## Instructions to follow:
Word for word, restate the records from their first line through the line with "Nós adotamos o", both ends included; omit each picture.

## Supplied data:
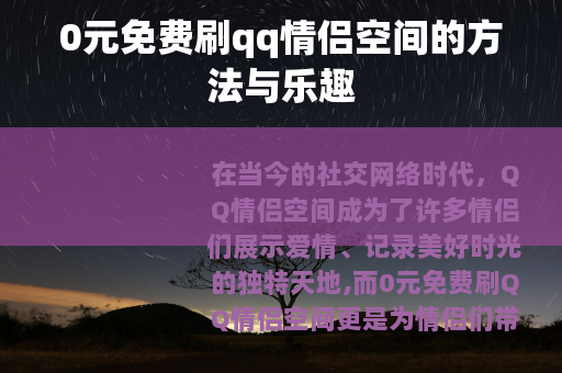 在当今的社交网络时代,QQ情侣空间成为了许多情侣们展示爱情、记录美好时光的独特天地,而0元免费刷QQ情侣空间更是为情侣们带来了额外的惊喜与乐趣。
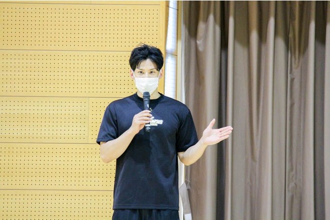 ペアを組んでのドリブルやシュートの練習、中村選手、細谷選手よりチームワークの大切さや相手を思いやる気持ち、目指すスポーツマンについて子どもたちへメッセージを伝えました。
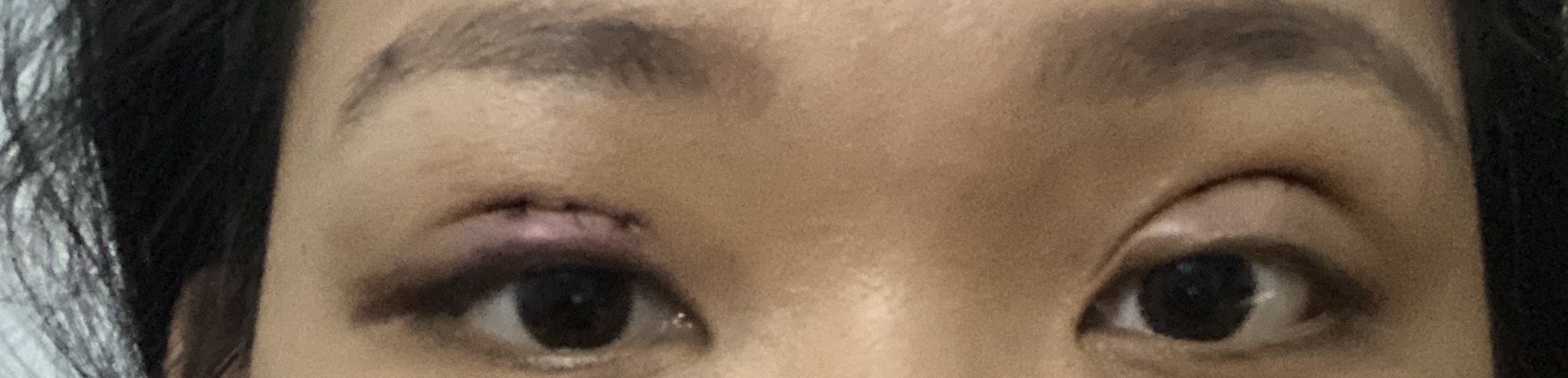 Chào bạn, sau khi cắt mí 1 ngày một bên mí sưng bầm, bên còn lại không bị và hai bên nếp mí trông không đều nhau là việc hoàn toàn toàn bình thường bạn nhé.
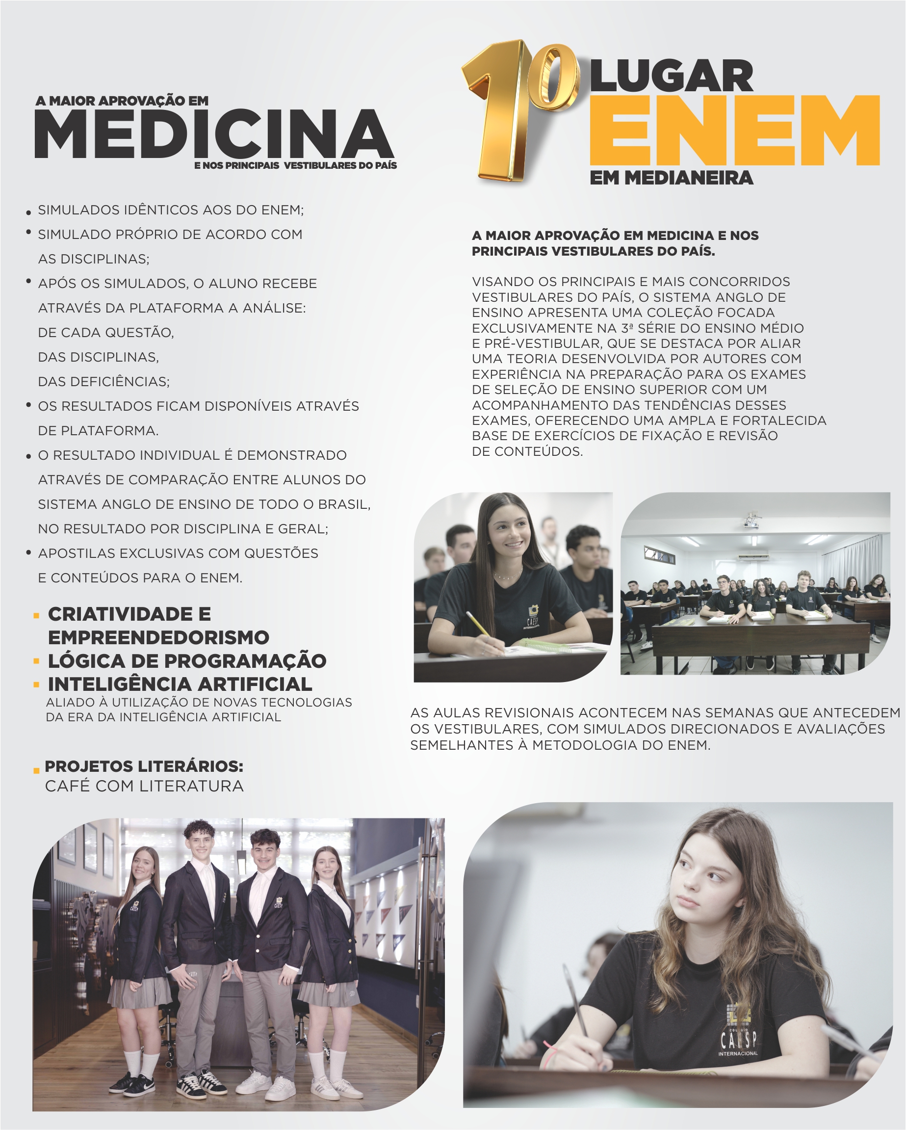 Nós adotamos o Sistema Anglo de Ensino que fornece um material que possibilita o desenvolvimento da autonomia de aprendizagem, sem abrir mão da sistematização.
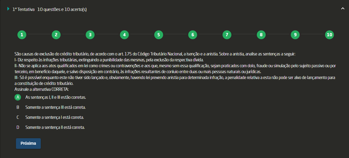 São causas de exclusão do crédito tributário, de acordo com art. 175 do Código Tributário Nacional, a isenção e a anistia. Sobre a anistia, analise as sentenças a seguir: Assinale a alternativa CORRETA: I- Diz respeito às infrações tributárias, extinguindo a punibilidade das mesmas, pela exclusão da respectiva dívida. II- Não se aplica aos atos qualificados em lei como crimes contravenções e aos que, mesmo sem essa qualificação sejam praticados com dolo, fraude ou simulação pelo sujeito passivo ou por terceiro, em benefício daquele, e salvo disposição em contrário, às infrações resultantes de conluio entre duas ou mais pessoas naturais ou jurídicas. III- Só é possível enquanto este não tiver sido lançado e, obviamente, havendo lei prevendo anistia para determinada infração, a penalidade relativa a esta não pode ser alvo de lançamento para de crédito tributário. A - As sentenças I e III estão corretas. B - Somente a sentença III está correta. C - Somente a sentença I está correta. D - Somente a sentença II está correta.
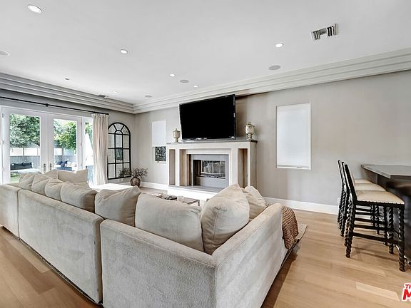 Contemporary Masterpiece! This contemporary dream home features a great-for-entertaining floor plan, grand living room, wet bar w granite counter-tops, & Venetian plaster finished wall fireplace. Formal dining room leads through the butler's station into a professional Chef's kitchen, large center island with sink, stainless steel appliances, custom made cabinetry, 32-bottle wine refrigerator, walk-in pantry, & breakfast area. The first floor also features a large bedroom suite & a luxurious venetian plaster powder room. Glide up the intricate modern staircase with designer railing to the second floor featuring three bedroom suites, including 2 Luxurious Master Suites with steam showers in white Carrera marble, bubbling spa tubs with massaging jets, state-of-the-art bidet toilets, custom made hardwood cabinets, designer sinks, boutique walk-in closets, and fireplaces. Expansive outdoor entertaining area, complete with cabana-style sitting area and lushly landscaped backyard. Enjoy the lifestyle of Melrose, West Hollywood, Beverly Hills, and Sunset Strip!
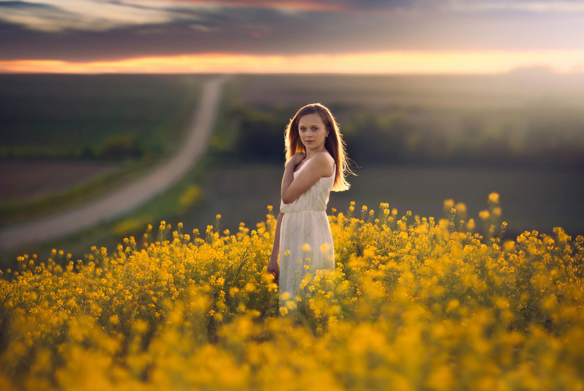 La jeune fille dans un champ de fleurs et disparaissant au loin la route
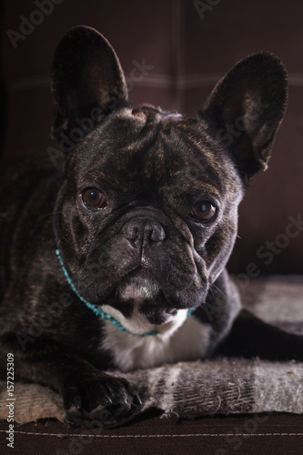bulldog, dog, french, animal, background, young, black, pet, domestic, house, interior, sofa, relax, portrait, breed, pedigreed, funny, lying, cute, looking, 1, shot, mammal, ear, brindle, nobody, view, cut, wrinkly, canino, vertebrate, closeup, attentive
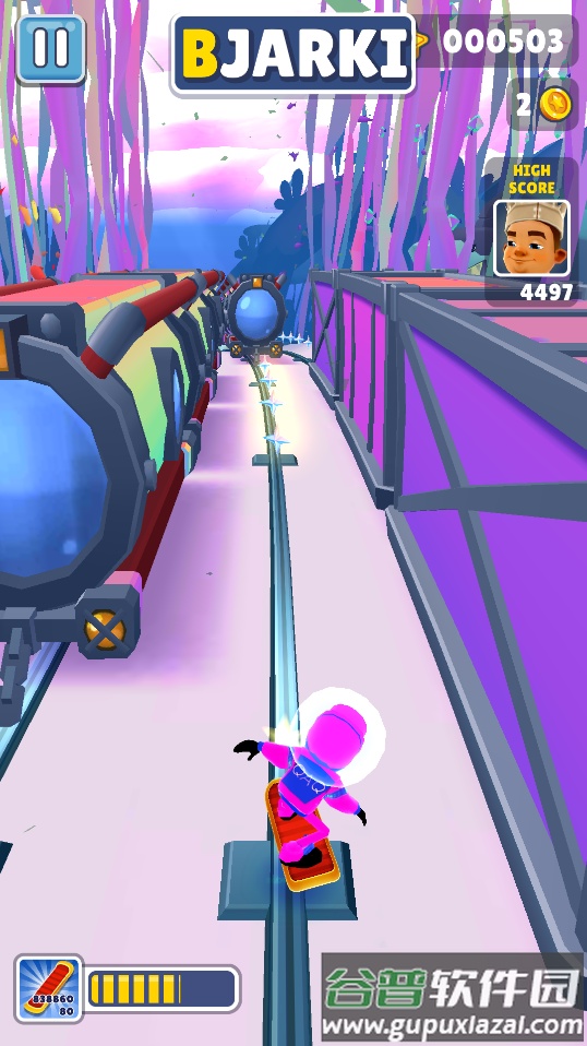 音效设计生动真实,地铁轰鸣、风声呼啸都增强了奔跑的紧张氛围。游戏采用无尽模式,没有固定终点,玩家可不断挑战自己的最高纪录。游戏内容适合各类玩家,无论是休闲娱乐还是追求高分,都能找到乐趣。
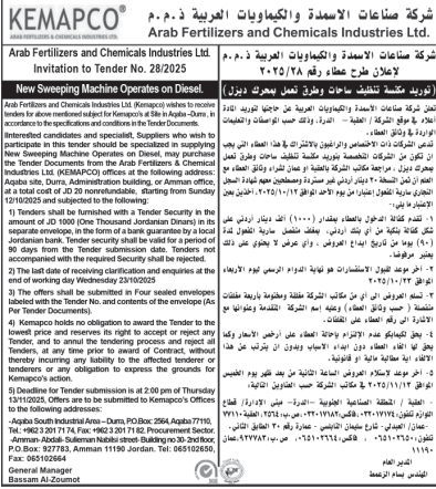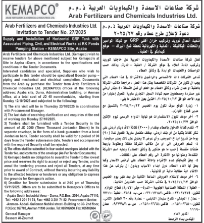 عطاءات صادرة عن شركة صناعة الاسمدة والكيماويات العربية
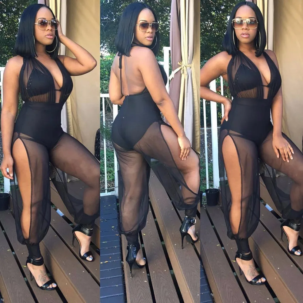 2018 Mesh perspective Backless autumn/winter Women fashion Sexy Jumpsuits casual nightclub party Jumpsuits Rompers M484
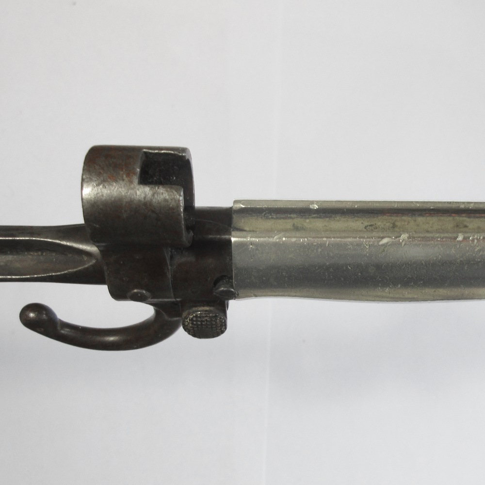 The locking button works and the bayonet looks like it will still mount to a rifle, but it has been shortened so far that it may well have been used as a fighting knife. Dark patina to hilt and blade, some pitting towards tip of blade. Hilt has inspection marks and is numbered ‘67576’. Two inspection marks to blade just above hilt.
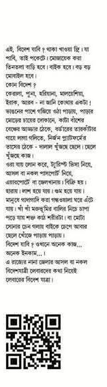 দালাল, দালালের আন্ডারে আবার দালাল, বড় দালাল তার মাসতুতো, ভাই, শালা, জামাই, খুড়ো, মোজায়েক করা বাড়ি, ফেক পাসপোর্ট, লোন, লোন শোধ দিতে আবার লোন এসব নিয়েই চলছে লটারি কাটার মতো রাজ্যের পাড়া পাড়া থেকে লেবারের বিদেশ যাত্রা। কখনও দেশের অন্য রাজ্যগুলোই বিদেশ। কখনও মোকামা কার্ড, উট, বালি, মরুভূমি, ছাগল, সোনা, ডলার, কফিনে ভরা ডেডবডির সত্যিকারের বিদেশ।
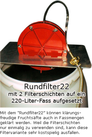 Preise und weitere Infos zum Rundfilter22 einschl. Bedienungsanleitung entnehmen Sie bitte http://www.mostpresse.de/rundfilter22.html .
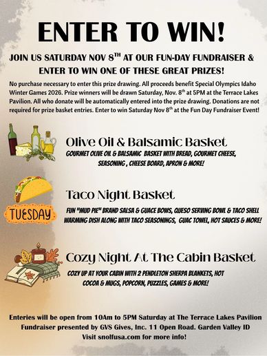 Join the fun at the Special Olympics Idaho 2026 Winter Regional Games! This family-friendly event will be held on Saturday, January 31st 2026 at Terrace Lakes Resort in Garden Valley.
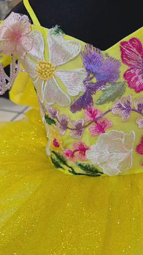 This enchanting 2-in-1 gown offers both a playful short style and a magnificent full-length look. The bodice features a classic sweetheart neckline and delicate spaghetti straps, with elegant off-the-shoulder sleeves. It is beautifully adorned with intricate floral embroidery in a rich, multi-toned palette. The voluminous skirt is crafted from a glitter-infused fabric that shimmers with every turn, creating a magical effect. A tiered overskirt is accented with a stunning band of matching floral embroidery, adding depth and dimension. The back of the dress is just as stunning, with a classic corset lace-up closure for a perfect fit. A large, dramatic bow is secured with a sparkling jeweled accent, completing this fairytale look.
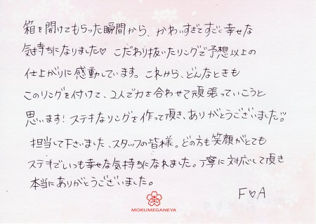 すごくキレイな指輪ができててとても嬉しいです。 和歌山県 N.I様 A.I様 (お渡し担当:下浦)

## Answer:
 在当今的社交网络时代,QQ情侣空间成为了许多情侣们展示爱情、记录美好时光的独特天地,而0元免费刷QQ情侣空间更是为情侣们带来了额外的惊喜与乐趣。
 ペアを組んでのドリブルやシュートの練習、中村選手、細谷選手よりチームワークの大切さや相手を思いやる気持ち、目指すスポーツマンについて子どもたちへメッセージを伝えました。
 Chào bạn, sau khi cắt mí 1 ngày một bên mí sưng bầm, bên còn lại không bị và hai bên nếp mí trông không đều nhau là việc hoàn toàn toàn bình thường bạn nhé.
 Nós adotamos o Sistema Anglo de Ensino que fornece um material que possibilita o desenvolvimento da autonomia de aprendizagem, sem abrir mão da sistematização.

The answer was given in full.